Otherwise, I am looking forward to taking my younger sister to the movie!


----------



## Forensic (Apr 12, 2007)

Okay, they're allowed to humanize them a litttle... :lol:


----------



## Vixie (Jul 21, 2006)

I looked at your site, and your Dapper Rat link is wrong, here it is: http://www.dapper.com.au/

Very good site to link to.


----------



## GranddadRat (May 29, 2007)

Holly, that sounds exactly like my son! I better find that book... 8O 

Vixie, thanks for that heads up on the Dapper Rat image. When I first saw that cute pudgy little rat in that gift box, I immediately begged her to let me use it on www.Rat-Gifts.com.

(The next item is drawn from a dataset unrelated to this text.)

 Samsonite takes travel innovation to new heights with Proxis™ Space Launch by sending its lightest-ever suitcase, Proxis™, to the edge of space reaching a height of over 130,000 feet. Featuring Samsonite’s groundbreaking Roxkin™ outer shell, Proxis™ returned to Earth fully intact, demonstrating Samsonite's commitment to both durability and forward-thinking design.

It's definitely a fun site...and the pics of her ratties in costume with sets like the little bathtub are hilarious!!

I think the coolest Ratatouille stuff is the Remy and Emile talking plushies and the remote control Remy. What's your fave?


----------



## Holly (Dec 31, 2006)

GranddadRat: many people who have Aspergers Syndrome are able to accomplish GREAT things in certain areaa of their lives - things that "normal" people wouldn't be able to do - and all they need is a little help gettting through the parts of life that are hard to handle. Thomas Jefferson had AS, and so did comedian Andy Kaufman.

In the book, the boy and his rat, Toby, are, more or less, inseparable. It represents a relationship of human to rat quite well, and it seems to parallel your situation of getting a rat in order to stimulate "emotional growth." The boy in the book does ~everything~ for Toby, like regular feedings, etc.

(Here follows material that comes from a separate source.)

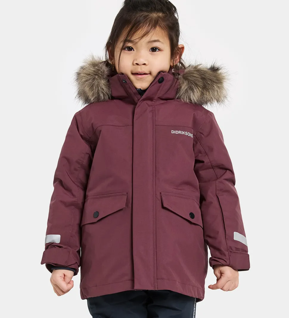 Sej Didriksons vinterjakke i mørk, støvet rød. Hætten har en flot kant af imiteret pels. Vinterjakken har praktiske reflekser yderst på ærmerne og et stort refleksprint på ryggen.

I like all of the Remy stuff best! (I finally learned his name!)


----------



## Holly (Dec 31, 2006)

Bump - I referred to the website somewhere else, and wanted the thread to be easy to find.


----------



## GranddadRat (May 29, 2007)

Gee, thanks!

Although people seem to be waiting until the movie actually opens... :? 

The only stuff not available already is the video game, and that'll be out on June 26.


----------



## GranddadRat (May 29, 2007)

SOS! Ratatouille sneak preview in the US today!!

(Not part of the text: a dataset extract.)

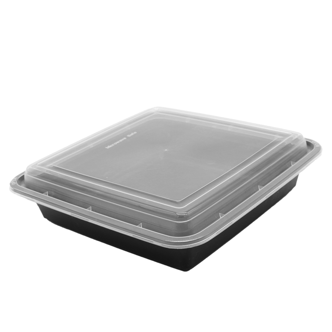 علبة مستطيل مايكروويف أسود بغطاء شفاف 58 اونص

Call your local theatre to check if they'll have it.


----------



## Holly (Dec 31, 2006)

I'm giving this thread another bump, because I want to order some of the "Ratatouille" stuff now that I've seen the film, and thought some other people here might want to, as well.


----------



## Holly (Dec 31, 2006)

Hmm...I just went there to try to order the "Uno" game, and it directed me to a different page. Then, I wrote in to see if this was the way it was supposed to be, but it told me that the mailbox is full.

Anybody know if this site directs you to a ~different~ site to make a purchase?


----------



## ratastic (Jul 1, 2007)

Here's a link to the Ebert and Roeper Movie site. Rataouille is the second movie they review, so just click on the pic.

http://bventertainment.go.com/tv/buenavista/ebertandroeper/


----------